Supplied material:
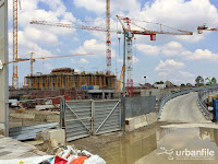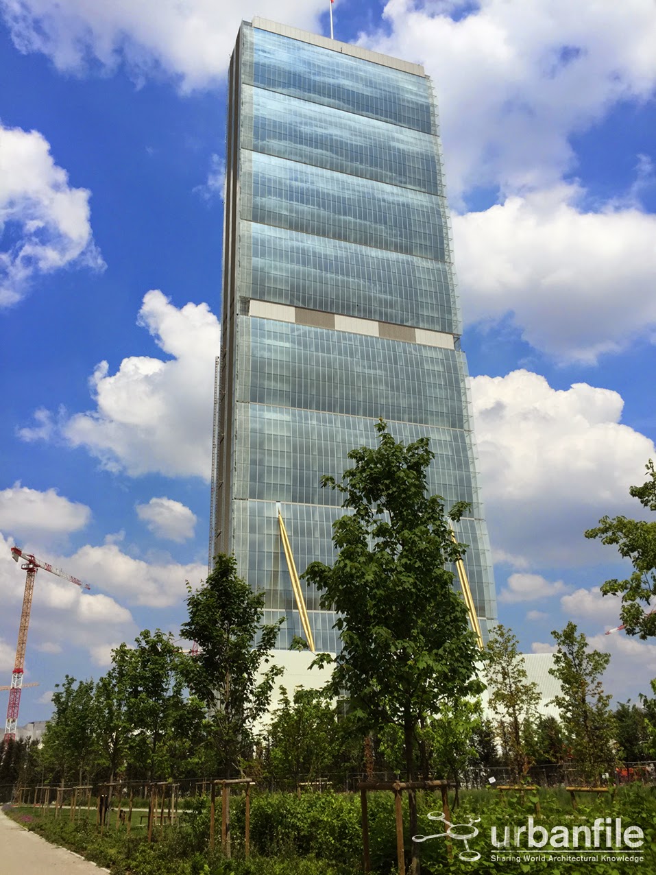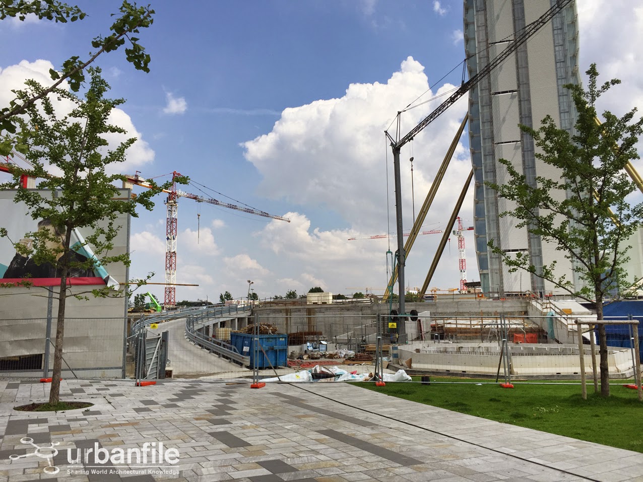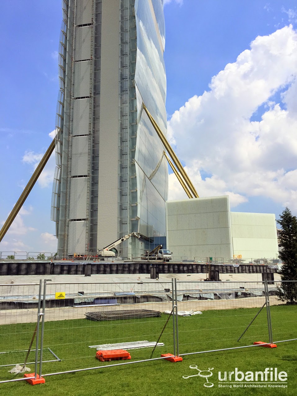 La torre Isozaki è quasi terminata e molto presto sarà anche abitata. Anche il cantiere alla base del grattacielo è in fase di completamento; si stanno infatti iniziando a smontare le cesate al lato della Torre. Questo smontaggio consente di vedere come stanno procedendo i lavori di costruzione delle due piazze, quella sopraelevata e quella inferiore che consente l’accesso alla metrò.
---
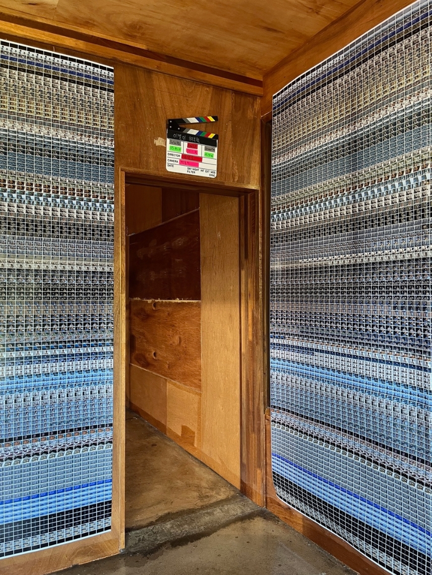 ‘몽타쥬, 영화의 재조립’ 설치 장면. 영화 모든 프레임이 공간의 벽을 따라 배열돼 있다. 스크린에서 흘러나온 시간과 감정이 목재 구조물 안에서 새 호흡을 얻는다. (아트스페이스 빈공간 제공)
==
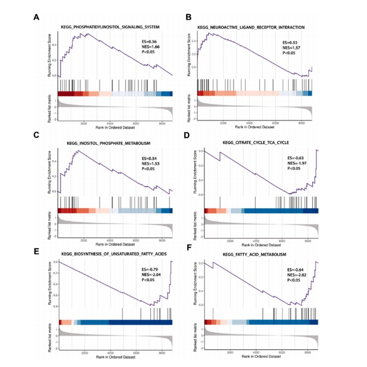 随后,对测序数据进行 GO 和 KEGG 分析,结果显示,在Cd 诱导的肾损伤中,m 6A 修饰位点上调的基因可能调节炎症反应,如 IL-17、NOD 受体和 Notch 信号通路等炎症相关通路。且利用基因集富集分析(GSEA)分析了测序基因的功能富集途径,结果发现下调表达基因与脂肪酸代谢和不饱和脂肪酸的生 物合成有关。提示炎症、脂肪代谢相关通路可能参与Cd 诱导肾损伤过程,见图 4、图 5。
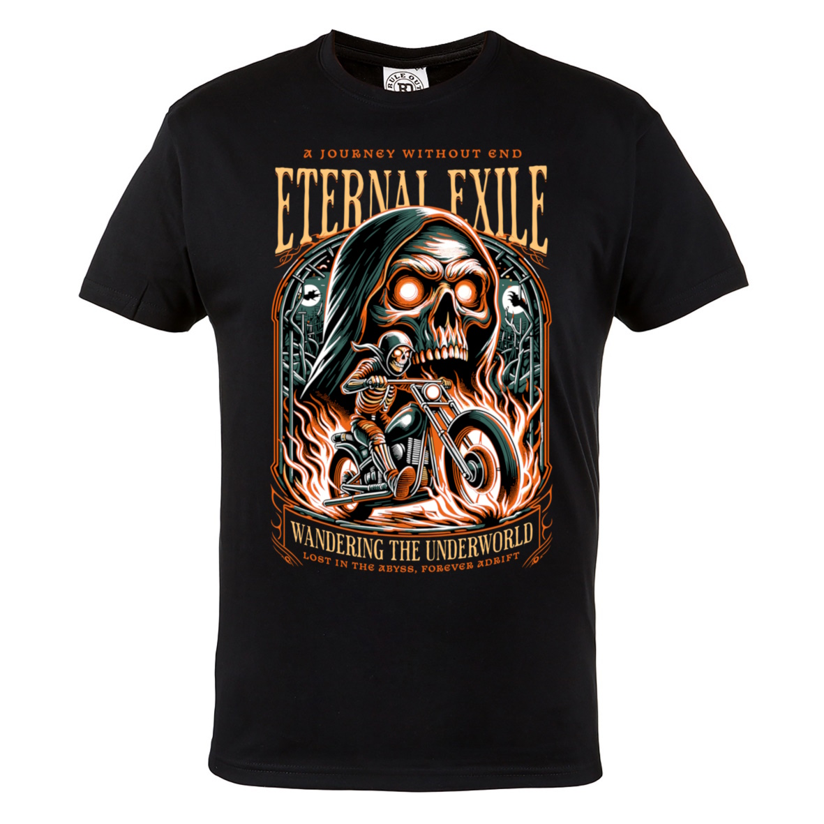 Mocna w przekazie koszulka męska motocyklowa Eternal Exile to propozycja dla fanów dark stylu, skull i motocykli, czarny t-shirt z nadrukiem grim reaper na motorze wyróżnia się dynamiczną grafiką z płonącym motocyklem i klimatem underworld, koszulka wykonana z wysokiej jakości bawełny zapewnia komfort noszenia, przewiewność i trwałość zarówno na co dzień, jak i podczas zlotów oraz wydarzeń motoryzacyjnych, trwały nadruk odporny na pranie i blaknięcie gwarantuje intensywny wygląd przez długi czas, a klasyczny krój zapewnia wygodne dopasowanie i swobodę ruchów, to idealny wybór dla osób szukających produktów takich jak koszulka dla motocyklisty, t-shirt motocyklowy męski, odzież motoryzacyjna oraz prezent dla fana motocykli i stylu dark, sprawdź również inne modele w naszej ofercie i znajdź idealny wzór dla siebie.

Exercise details: Each line above starting at the one holding "随后,对测序数据进行 GO 和" and ending at the one holding "Mocna w przekazie" should be set down exactly as it stands, both ends included, with no pictures.

Solution to this task:
 随后,对测序数据进行 GO 和 KEGG 分析,结果显示,在Cd 诱导的肾损伤中,m 6A 修饰位点上调的基因可能调节炎症反应,如 IL-17、NOD 受体和 Notch 信号通路等炎症相关通路。且利用基因集富集分析(GSEA)分析了测序基因的功能富集途径,结果发现下调表达基因与脂肪酸代谢和不饱和脂肪酸的生 物合成有关。提示炎症、脂肪代谢相关通路可能参与Cd 诱导肾损伤过程,见图 4、图 5。
 Mocna w przekazie koszulka męska motocyklowa Eternal Exile to propozycja dla fanów dark stylu, skull i motocykli, czarny t-shirt z nadrukiem grim reaper na motorze wyróżnia się dynamiczną grafiką z płonącym motocyklem i klimatem underworld, koszulka wykonana z wysokiej jakości bawełny zapewnia komfort noszenia, przewiewność i trwałość zarówno na co dzień, jak i podczas zlotów oraz wydarzeń motoryzacyjnych, trwały nadruk odporny na pranie i blaknięcie gwarantuje intensywny wygląd przez długi czas, a klasyczny krój zapewnia wygodne dopasowanie i swobodę ruchów, to idealny wybór dla osób szukających produktów takich jak koszulka dla motocyklisty, t-shirt motocyklowy męski, odzież motoryzacyjna oraz prezent dla fana motocykli i stylu dark, sprawdź również inne modele w naszej ofercie i znajdź idealny wzór dla siebie.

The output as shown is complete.